Q: We have two identical PCs at work, both with identical, or so I thought, Office 97 installations. One takes much longer to close a document, even if it has just been saved. This seems to happen to large and small documents alike. As far as I can tell, all the relevant options in Word are set the same on both machines.

Malcolm Klein

A: It's not Word that is slowing down your machine it's ... (dramatic pause - Nott moves to centre stage, wheels around swiftly, cloak swirling, finger pointing at ...) Outlook! (Lady Bartwell faints, the butler makes a run for it but is seized by two policemen.) Aha! Even if you don't think Outlook is running, it's there, secretly spying on your every move. There is an option to create a "journal" that logs all the files you work on. Turn this off from the Outlook Tools, Options, Journal, Also record files from ... box.

Readers' tips

Euro update

Thank you, Nick Mortimer, for the good news that further fonts with the Euro symbol are available from /www.microsoft.com/typography/fontpack/default.htm.

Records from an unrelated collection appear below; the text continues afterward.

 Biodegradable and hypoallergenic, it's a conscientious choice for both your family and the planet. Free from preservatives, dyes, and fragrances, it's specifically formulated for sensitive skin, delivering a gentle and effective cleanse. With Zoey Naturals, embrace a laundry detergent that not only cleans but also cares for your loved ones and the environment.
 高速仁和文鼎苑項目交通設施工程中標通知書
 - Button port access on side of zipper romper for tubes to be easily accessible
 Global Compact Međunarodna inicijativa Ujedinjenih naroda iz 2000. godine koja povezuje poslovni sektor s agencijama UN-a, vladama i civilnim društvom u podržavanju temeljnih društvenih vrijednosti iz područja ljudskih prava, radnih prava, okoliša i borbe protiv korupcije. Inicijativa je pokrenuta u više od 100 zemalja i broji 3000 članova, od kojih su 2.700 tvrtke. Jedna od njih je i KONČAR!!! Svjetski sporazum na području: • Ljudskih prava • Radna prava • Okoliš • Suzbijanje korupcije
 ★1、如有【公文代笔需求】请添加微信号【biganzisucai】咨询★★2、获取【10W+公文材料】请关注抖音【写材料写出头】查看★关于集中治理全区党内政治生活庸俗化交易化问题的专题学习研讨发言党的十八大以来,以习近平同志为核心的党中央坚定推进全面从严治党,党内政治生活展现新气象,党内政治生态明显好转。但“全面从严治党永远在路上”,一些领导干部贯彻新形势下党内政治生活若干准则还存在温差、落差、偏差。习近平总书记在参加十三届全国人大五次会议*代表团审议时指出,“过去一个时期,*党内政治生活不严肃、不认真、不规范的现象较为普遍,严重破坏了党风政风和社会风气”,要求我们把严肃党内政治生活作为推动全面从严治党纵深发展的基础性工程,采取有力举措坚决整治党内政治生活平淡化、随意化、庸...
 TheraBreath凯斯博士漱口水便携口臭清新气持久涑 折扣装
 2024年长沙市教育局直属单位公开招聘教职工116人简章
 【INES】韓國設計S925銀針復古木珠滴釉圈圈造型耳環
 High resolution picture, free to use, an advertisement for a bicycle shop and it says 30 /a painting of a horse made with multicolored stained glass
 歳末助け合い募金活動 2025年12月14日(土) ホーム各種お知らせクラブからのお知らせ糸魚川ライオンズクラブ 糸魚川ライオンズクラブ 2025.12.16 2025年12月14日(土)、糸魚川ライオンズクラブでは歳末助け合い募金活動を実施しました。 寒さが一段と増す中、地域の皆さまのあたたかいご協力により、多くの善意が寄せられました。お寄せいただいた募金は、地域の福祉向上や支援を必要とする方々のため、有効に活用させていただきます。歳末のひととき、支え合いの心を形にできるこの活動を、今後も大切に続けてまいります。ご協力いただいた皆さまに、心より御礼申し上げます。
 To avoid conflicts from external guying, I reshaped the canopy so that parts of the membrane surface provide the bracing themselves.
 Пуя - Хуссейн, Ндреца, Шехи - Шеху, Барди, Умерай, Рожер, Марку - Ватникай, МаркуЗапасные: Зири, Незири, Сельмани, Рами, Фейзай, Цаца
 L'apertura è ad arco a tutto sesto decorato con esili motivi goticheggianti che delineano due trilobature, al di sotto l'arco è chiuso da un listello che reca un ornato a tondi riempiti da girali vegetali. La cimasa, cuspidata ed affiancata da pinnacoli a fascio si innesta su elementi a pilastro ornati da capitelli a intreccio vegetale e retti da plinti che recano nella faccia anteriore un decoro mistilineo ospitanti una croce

I've since noticed that the Windows 98 beta core fonts all now contain the Euro. The problem is, as we saw in March's column, getting at it.

Personal preference

Thom Milton pointed out a useful tip that really belongs in the Windows rather than the WP section, but never mind. If you use the general MS Office Open Document command, you may find it starts in My Documents irrespective of where you actually keep your documents. You can change this by backing up the Registry, then opening Regedit and going to: HKEY_CURRENT_

USER/ Software/ Microsoft/ Windows/ CurrentVersion/ Explorer/ User Shell Folders. Double-click the entry in the right pane entitled Personal and change it to the path of your choice.

Text squared

Here's an admirably obscure Word tip from someone who signs herself, or himself, Gadiewasam. If you hold down the Alt key while dragging with the mouse, you can select a rectangular area of text such as one column of a tabbed list. Word 2 users can do this with the right mouse button.

No conspiracy

In my March column I mentioned the strange case of the Word file which continued to load from a double-click and have its extra properties visible from a right-click, after the .DOC extension had been removed. Thanks to Ben Summers for the following explanation: "Most MS apps use an OLE-structured storage file format which stores properties - which explains why they still show up as extra tabs on the properties dialog - and the program that created them, in a common format. Windows 95 and NT recognise this format so the conspiracy extends to everyone who uses this file format, support for which is built in to the OS. It basically stores a directory-type structure inside a file."

Please note: although I do like to hear from you, may I please remind you not to send binary attachments to text messages. This especially applies to WP files containing macros - for reasons that should be obvious. Stick to plain-text only, please, for hints, tips and macro code.